▶ What needs to be done: Word for word, copy the lines beginning at the one with "Hussein Al Ali Hospital logo 2019" and ending at the last line below; pictures stay out.

▶ Recorded data:
——————————

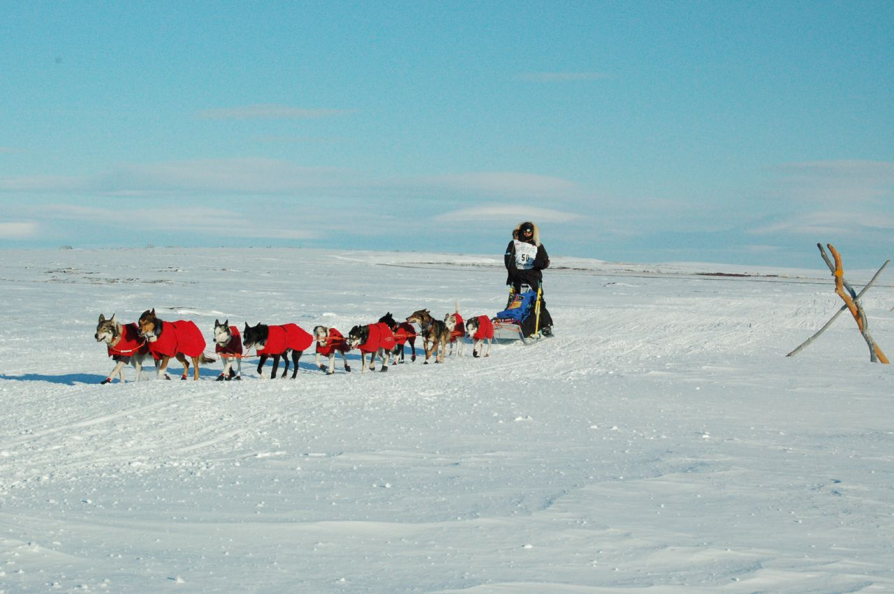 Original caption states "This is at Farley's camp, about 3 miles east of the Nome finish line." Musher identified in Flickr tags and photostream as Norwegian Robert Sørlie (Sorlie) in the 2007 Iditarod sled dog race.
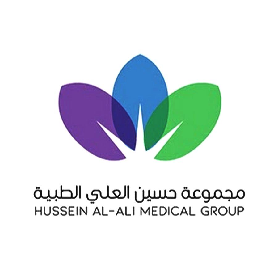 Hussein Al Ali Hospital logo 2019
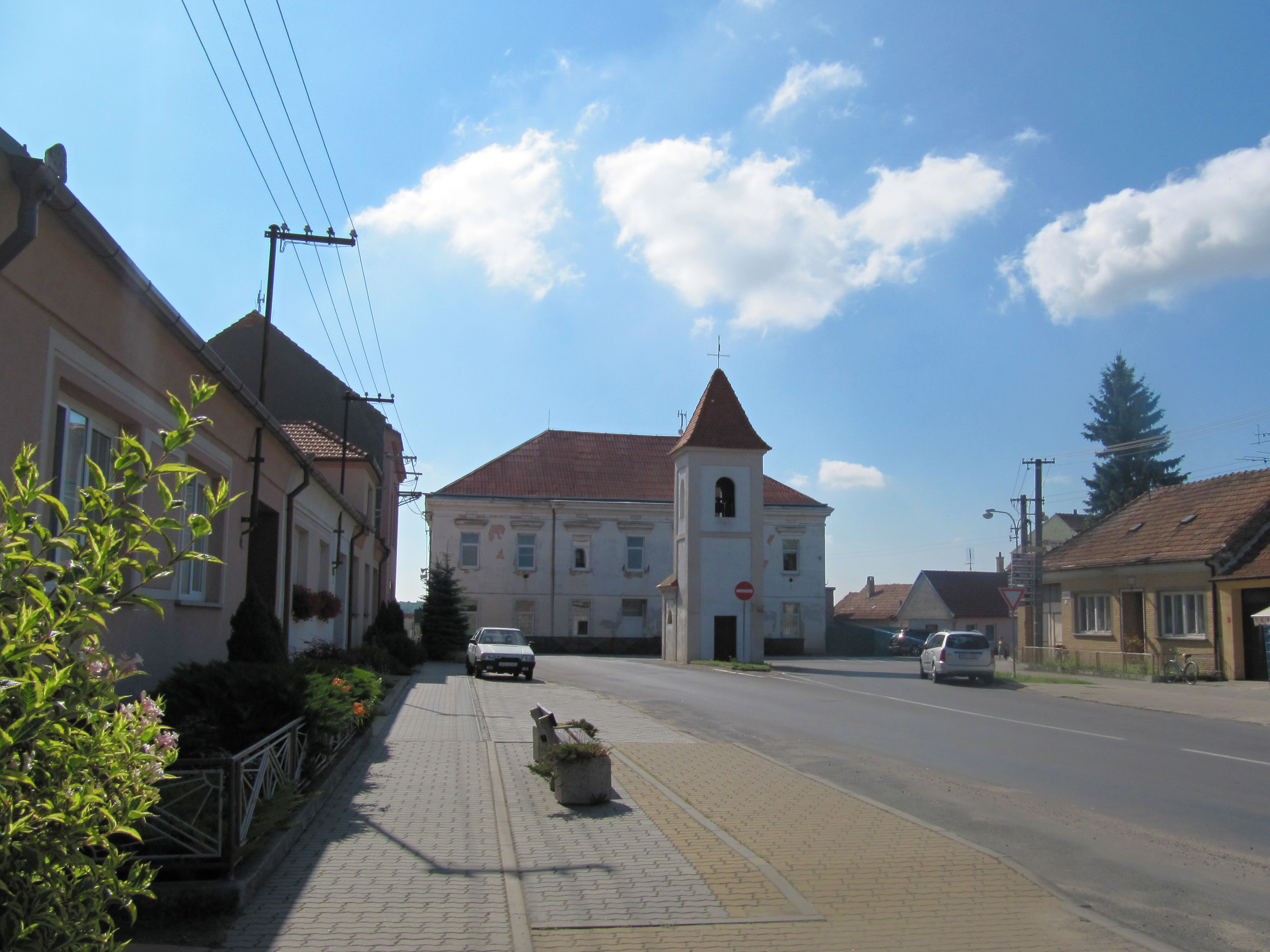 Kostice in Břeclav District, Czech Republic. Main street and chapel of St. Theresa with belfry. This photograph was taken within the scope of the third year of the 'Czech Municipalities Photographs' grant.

——————————

▶ Exercise response:
 Hussein Al Ali Hospital logo 2019
 Kostice in Břeclav District, Czech Republic. Main street and chapel of St. Theresa with belfry. This photograph was taken within the scope of the third year of the 'Czech Municipalities Photographs' grant.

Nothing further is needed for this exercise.